Fig. 1 is a block diagram of a feedback driving circuit according to an embodiment of the present invention;

fig. 2 is a circuit diagram of a control signal circuit of a feedback driving circuit according to an embodiment of the present invention;

fig. 3 is a circuit diagram of a voltage regulation driving circuit of a feedback driving circuit according to an embodiment of the present invention;

fig. 4 is a circuit diagram of a feedback adjusting circuit of the feedback driving circuit according to an embodiment of the present invention.

List of parts and reference numerals:

1. a control signal circuit; 2. a voltage regulation drive circuit; 3. a feedback regulation circuit.

Detailed Description

The present invention will be described in detail with reference to examples, but the present invention is not limited to these examples.

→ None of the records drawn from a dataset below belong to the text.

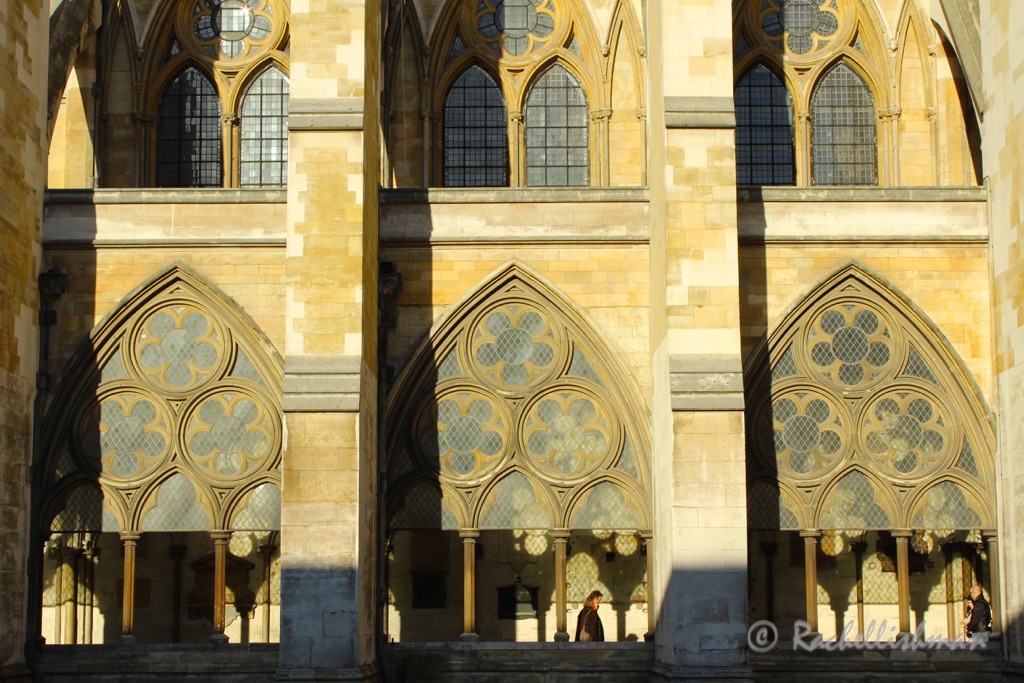 Visitors walk under the sun-drenched archways of Westminster Abbey’s cloisters
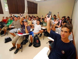 Este documento descreve um projeto de educação digital que usa celulares em sala de aula de forma didática. O projeto tem como objetivos agregar novas tecnologias como forma de engajar estudantes, usar a internet para pesquisa e explorar recursos de celulares e computadores. O projeto envolve a criação de um desenho animado sobre a vida de Machado de Assis usando fotos tiradas no celular e um programa de animação.
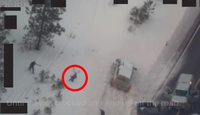 Finikum je jedan od glavešina milicije Oregona, parapolicijskog odreda, a na šokantnom snimku vidi se kako njegov beli džip pokušava da zaobiđe policijsku blokadu postavljenu na putu.
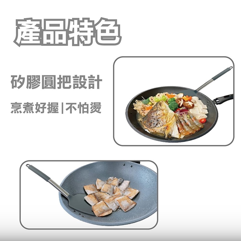 5.建議使用圓角鐵鏟或不沾專用鍋鏟,避除銳角型金屬物體敲擊造成損傷。
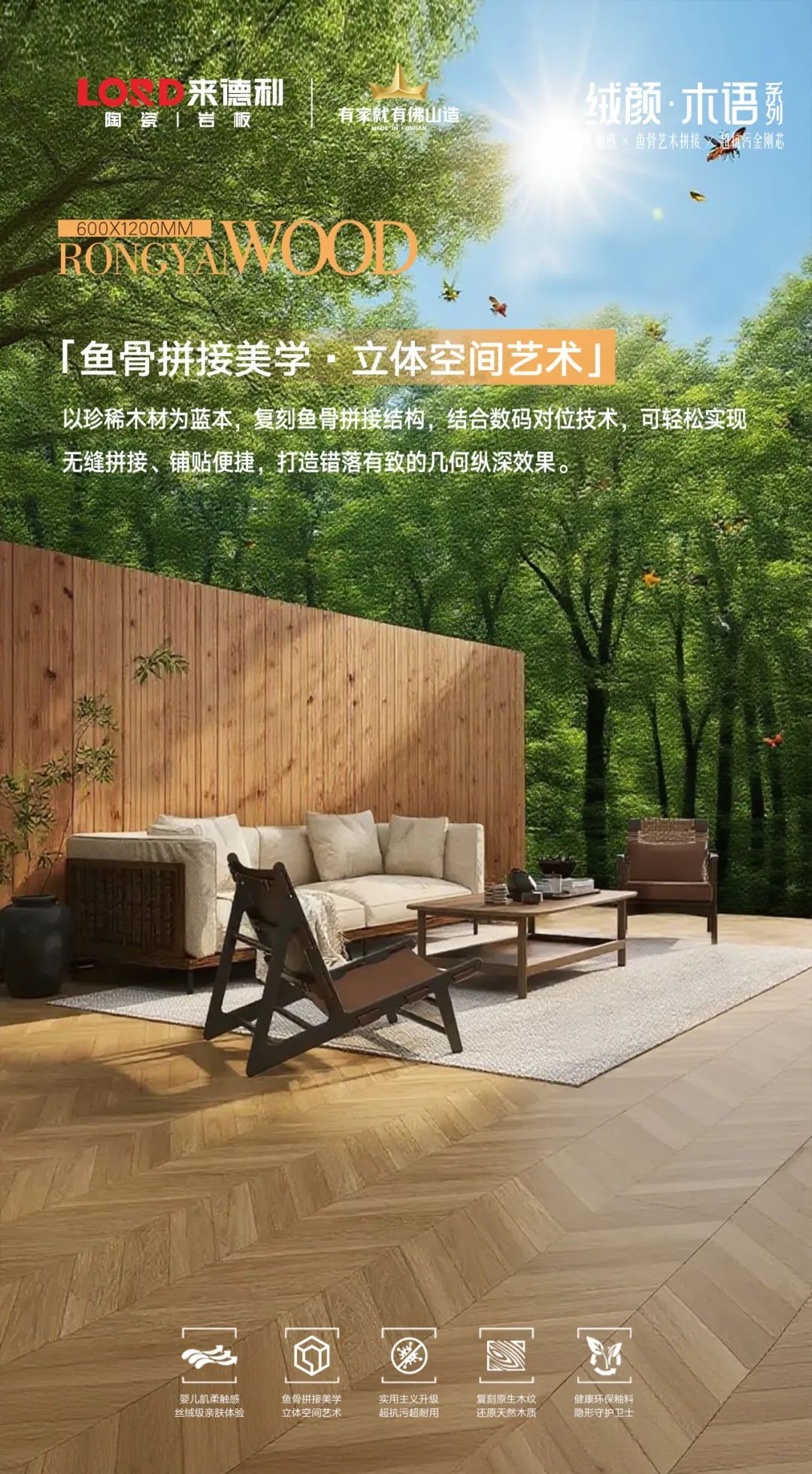 以珍稀木材为蓝本,复刻鱼骨拼接结构,结合数码对位技术,可轻松实现无缝拼接、铺贴便捷,打造错落有致的几何纵深效果。
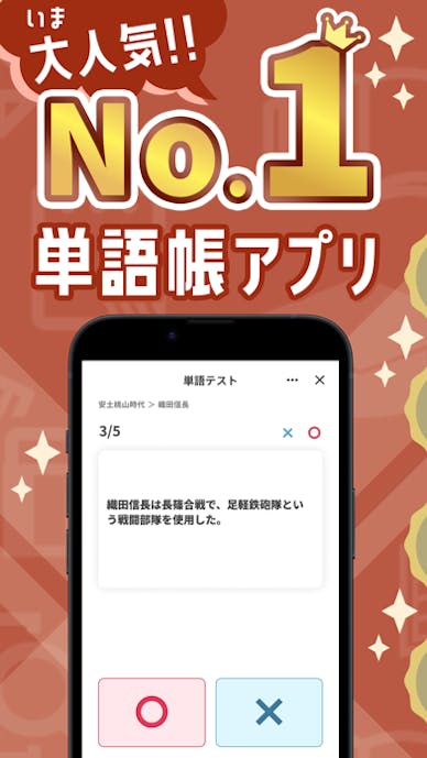スキマ時間で効率よく日本史を暗記したい高校生におすすめ。テスト直前の仕上げにも、毎日の学習習慣づけにも頼れる歴史学習アプリです。
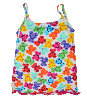 сарафан 80%nylon 20%spandex 190gsm Сарафан. Низ изделия декорирован мелкими рюшами. Принт разноцветные мишки. мишки 92-98-104-110-116-122 (6 р-ров) 650 / Новая цена - 300
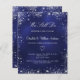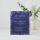 A modern, elegant vow renewal invitation. Navy blue background decorated with faux silver glitter sparkles. The blue colour is uneven. Personalise and add your names and party details. White coloured letters.
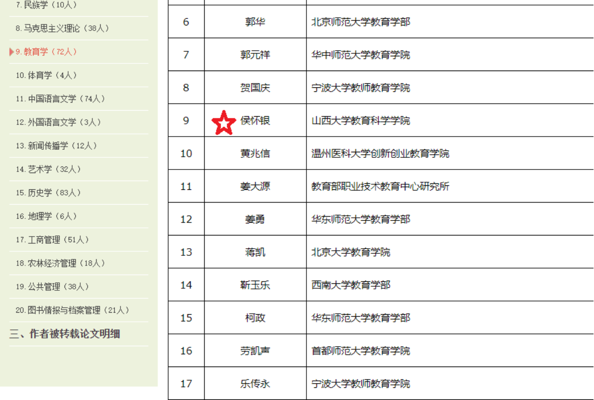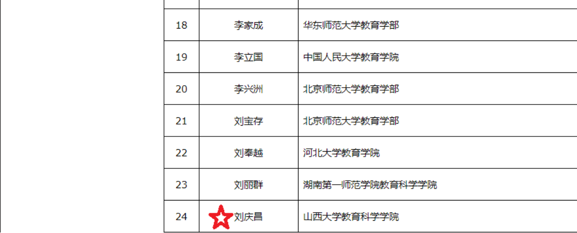 在全国教育学的72位作者中,金沙老品牌官网刘庆昌教授和侯怀银教授入选。刘庆昌教授继2016年入选之后,2019年再次入选。

As shown in fig. 1, an embodiment of the present invention provides a feedback driving circuit of a driving source of a high-power semiconductor laser, including a control signal circuit 1, a voltage-regulating driving circuit 2, and a feedback regulating circuit 3;

the control signal circuit 1 is used for receiving an input signal and generating a driving signal, and the driving signal is used for driving the voltage regulating driving circuit 2 to output current and voltage;

the control signal circuit 1 is also used for collecting voltage and adjusting a driving signal according to the voltage;

the voltage regulation driving circuit 2 is also used for forming a current feedback signal ICHECK;

the feedback adjusting circuit 3 is used for acquiring a current feedback signal ICHECK, amplifying the current feedback signal ICHECK and transmitting the current feedback signal ICHECK to the control signal circuit 1;

the control signal circuit 1 is also configured to receive the current feedback signal ICHECK and adjust the driving signal.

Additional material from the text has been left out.